I feel like going deeper into each individual reason for credence in near-term AGI and figuring out how significant each one is for your overall forecast could be a really interesting discussion. The EA Forum has a little-used feature called Dialogues that could be well-suited for this.

fergusqJan 243

I guess markets are efficient most of the time, but stock market bubbles do exist and are common even, which goes against the efficient market hypothesis. I believe it is a debated topic in economics and I don't know what the current consensus regarding it is.
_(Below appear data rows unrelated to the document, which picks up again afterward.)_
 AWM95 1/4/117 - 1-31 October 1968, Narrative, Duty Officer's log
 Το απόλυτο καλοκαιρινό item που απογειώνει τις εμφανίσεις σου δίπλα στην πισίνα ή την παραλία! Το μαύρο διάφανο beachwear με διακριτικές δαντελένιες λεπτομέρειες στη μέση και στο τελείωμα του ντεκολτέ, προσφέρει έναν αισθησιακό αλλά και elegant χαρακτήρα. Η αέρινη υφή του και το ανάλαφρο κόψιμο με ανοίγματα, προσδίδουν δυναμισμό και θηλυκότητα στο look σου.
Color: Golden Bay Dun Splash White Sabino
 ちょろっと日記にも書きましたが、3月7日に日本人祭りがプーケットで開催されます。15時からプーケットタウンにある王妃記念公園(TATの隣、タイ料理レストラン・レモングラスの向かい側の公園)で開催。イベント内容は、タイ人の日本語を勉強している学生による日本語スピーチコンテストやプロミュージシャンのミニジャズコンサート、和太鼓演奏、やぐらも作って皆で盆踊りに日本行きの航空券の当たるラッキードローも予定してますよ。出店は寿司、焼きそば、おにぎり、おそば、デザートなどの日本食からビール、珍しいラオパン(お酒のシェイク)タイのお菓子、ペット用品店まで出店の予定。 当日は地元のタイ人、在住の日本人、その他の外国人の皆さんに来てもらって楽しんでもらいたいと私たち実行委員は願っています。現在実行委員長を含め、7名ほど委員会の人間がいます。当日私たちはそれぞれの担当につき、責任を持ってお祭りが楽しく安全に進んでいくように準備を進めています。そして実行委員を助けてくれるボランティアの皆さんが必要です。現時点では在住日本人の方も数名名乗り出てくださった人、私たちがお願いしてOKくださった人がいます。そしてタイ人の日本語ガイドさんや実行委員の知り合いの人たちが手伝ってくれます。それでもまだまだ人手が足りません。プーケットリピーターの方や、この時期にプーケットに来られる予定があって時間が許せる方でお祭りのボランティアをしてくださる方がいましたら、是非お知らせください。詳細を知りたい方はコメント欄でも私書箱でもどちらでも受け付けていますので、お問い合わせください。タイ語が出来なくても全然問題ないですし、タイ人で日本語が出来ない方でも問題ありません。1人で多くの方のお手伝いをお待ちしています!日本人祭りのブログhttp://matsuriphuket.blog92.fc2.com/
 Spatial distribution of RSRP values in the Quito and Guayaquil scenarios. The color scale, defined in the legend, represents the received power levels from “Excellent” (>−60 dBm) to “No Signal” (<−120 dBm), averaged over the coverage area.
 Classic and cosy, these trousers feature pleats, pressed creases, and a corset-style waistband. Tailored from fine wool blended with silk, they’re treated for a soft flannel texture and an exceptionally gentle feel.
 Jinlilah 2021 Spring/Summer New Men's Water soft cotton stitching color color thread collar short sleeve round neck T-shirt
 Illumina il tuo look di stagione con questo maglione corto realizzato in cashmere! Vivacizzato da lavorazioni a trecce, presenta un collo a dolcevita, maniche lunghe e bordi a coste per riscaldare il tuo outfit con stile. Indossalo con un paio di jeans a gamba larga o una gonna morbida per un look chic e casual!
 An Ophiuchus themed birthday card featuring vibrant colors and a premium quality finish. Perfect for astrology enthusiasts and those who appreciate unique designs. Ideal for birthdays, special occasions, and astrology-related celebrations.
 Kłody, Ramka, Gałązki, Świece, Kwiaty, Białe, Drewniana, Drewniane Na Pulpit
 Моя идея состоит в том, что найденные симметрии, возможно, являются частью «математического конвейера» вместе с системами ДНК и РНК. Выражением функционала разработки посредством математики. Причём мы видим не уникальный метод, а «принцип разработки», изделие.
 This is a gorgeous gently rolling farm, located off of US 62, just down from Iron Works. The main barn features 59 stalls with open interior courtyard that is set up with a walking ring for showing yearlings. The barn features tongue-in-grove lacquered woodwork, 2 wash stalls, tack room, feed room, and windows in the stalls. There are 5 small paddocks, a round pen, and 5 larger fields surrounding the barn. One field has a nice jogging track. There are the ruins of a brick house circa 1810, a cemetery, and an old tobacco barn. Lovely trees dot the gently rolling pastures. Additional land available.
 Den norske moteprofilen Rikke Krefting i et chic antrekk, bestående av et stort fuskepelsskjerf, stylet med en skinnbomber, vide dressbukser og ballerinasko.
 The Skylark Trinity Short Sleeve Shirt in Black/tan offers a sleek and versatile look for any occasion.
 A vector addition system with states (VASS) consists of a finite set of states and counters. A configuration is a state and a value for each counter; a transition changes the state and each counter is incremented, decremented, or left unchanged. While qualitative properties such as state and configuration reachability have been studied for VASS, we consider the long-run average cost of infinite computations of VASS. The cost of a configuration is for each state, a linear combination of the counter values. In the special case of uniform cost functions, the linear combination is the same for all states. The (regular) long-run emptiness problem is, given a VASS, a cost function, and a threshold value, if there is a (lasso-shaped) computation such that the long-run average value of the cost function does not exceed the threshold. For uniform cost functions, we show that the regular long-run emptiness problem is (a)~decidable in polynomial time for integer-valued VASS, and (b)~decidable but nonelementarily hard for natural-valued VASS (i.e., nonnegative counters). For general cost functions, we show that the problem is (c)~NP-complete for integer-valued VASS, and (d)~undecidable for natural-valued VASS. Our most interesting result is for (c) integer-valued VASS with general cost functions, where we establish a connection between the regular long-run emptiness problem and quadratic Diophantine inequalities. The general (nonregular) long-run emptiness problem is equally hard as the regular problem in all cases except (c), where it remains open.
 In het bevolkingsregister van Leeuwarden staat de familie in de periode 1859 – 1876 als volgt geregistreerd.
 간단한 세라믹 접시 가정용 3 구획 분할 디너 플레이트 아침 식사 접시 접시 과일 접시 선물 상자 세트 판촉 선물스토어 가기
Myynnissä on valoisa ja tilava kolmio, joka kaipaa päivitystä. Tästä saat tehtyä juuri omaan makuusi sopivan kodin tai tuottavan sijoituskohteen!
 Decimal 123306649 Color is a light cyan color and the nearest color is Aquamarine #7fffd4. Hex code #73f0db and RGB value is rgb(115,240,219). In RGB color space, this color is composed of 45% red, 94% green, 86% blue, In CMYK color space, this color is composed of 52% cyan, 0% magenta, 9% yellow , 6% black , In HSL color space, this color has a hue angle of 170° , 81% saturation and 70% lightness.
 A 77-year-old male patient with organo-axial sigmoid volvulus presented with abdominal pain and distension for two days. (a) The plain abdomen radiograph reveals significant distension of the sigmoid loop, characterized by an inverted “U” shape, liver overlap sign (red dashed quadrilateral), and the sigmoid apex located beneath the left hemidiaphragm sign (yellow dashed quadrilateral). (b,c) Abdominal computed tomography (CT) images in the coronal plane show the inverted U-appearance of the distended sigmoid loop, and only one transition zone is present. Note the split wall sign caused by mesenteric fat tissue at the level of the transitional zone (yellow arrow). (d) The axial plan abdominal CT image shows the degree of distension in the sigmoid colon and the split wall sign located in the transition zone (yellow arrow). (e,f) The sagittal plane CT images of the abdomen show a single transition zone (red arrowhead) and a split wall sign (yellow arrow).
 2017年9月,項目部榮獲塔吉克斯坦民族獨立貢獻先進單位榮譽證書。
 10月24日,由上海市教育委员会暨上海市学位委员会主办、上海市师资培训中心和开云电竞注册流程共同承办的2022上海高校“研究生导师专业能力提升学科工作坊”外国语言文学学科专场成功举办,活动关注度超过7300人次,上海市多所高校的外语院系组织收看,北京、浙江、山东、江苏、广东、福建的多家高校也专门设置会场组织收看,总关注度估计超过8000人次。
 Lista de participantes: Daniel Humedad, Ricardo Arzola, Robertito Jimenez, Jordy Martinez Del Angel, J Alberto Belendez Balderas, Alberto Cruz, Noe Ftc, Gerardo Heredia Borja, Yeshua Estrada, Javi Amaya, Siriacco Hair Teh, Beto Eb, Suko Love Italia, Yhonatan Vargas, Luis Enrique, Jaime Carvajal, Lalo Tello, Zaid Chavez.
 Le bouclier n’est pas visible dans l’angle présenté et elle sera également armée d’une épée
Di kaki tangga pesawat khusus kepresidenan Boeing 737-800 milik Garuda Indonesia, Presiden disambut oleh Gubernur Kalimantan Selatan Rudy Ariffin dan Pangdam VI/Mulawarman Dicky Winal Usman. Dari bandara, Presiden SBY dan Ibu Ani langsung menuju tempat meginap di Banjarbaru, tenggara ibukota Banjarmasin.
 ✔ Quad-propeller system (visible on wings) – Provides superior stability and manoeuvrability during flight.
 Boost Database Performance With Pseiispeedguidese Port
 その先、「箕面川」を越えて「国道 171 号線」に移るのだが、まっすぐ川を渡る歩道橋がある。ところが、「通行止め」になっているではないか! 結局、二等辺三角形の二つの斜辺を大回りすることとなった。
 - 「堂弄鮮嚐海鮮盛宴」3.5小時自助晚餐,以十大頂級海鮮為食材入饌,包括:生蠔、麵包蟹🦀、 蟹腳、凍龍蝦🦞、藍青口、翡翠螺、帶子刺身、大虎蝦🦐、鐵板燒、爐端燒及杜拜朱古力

My own experience points to the direction that there is an AI bubble, as cases like Lovable indicate that investors are overvaluing companies. I cannot explain their valuation, other than that investors bet on things they do not understand. As I mentioned, anecdotally this seems to often be the case.

David Mathers🔸Jan 232

The report has many authors, some of whom maybe much less concerned or think the whole thing is silly. I never claimed that Bengio and Hinton's views were a consensus, and in any case, I was citing their views as evidence for taking the idea that AGI may arrive soon seriously, not their views on how risky AI is. I'm pretty sure I've seen them give relatively short time-lines when speaking individually, but I guess I could be misremembering. For what it's worth Yann LeCunn seems to think 10 years is about right, and Gary Marcus seems to think a guess of 10-20 years is reasonable: https://helentoner.substack.com/p/long-timelines-to-advanced-ai-have

[comment deleted]Jan 122

Deleted by David Mathers🔸, 01/12/2026

Reason: Posted in response to the wrong comment in the thread

David Mathers🔸Jan 94

It seems like if you find it incredible to deny and he doesn't, it's very hard to make further progress :( I'm on your side about the chance being over 1% in the next decade, I think, but I don't know how I'd prove it to a skeptic, except to gesture and say that capabilities have improved loads in a short time, and it doesn't seem like the are >20 similar sized jumps before AGI. But when I ask myself what evidence I have for "there are not >20 similar sized jumps before AGI" I come up short. I don't necessarily think the burden of proof here is actually on people arguing that the chance of AGI in the next decade is non-negligible though: it's a goal of some serious people within the relevant science, and they are not making zero progress, and some identifiable quantifiable individual capabilities have improved very fast. Plus the extreme difficulty of forecasting technological breakthroughs over more than a couple of years cuts both ways.

Vasco Grilo🔸Jan 87

Thanks for crossposting this, Richard!

The stakes surrounding ASI are extremely high, to the point that we can’t be confident that humanity would long survive this development

I guess the risk of human extinction over the next 10 years is 10^-7, and I am not aware of any quantitative empirical modelling suggesting otherwise. I do not think that is high enough to justify your conclusion that "AI risk warrants urgent further investigation and precautionary measures", even accounting for longterm effects. I very much agree there should be some investigation and precautionary measures, but I do not consider this "urgent" at the margin.